In itself, offal represents the antistandards, the grotesque reality that much of modernity’s slick marketing has tried to expunge; and its return to our dinner plates hints at a desperate search to recover legitimacy for those things which go against the grain. ‘Relegitimation’ involves a version of a forgotten object or behaviour becoming accepted once again and treated as comparable or even preferable to what is currently championed as normal, even if market actors to date have spent a significant amount of time and resources retiring it with the label of being ‘abnormal’. This is no easy task and, in a sense, is similar to bringing something back from the dead. What’s been happening with offal provides lessons for marketing professionals, cultural commentators and ‘cool-hunters’ in general, because it demonstrates a break in what might be seen as the ‘progress’ cycle of consumption in the 21st century.
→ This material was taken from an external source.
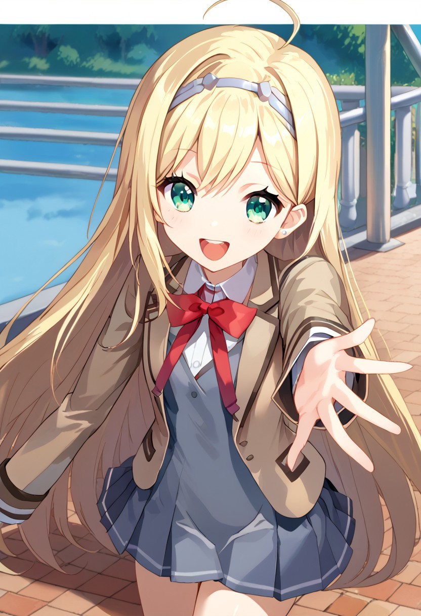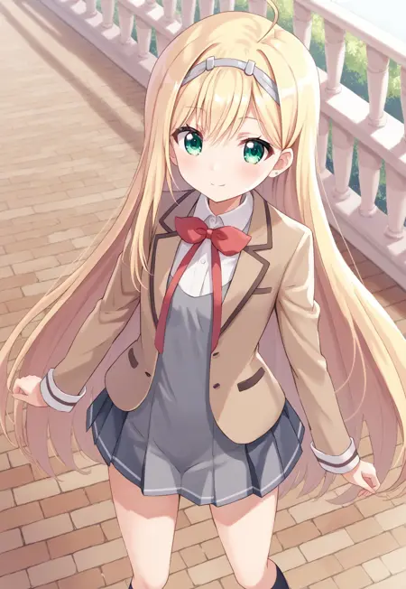 • To generate Her School uniform outfit art - 1girl, liones yelistratova (\hina logi: from luck & logic\), blonde hair, very long hair, green eyes, ahoge, school uniform, blazer, loafer, white shirt, red bowtie, gray dress, pleated skirt, white sock, white hairband,
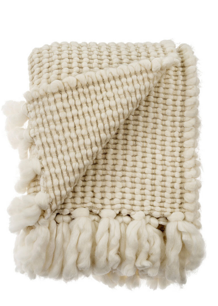With a seriously chunky knit, hand knotted chubby tassels and a feathery soft feel, the Penny Wool Throw will be one you reach for time and time again. Feel the warmth draped over your lap while reading or arrange it artfully at the end of your bed for a luxurious welcoming look. The Penny Wool Throw is offered in stone cream as well as a creamy white. This item is hand wash only.

Beyond the opportunities that the resurgence of offal represents to agrifood businesses, and those in food policy, the re-legitimation of something more primitive represents a broader and more interesting turn in consumer culture. There’s something playful, feral and unreserved about cooking with and eating offal, and it represents for today’s consumers a conduit to something which has been lost to the current food industry. Offal’s relegitimation circulates alongside other culinary and dietary trends like the Paleolithic diet, ‘locavorism’, raw foodism, the so-called “primal blueprint” way of eating and broader ancestral health movements – all of which challenge post-industrial, civilized ways of eating.

In any case, the glamour of supermarkets providing a hyper-choice of packaged foods from all around the world is challenged; there’s nothing exotic there. There’s now something more interesting, more hip, in exploring locally and historically. To some extent, this search for what has been lost domestically may be related to the wider context which includes the nationalist attitudes involved in the vote for Brexit, and the attraction to being less reliant on universalised visions of commerce and consumption.

Going back to move forwards

The implication here is that we are seeing a curious reversal of the curve of ‘progress’ in consumer desires and a romanticisation of what came before. Ongoing consumption activities do not necessarily hinge on innovation and appeals to futurism, but might often be tethered to the nostalgic, the retro, and even the obsolete.

‘New’ isn’t everything. In a Hegelian sense, progress should not be viewed as a strictly uni-directional, developmental movement but rather wisdom can be found at every stage of history and so the answer to the future might be buried in the past, just waiting to be exhumed. More businesses would be wise to look again at what the next generation of consumers are really looking for, what fits best with their lives and values. They should entertain the possibility that what consumers really need might not require building new things for tomorrow but might simply involve recovering things which have gone missing from today’s world.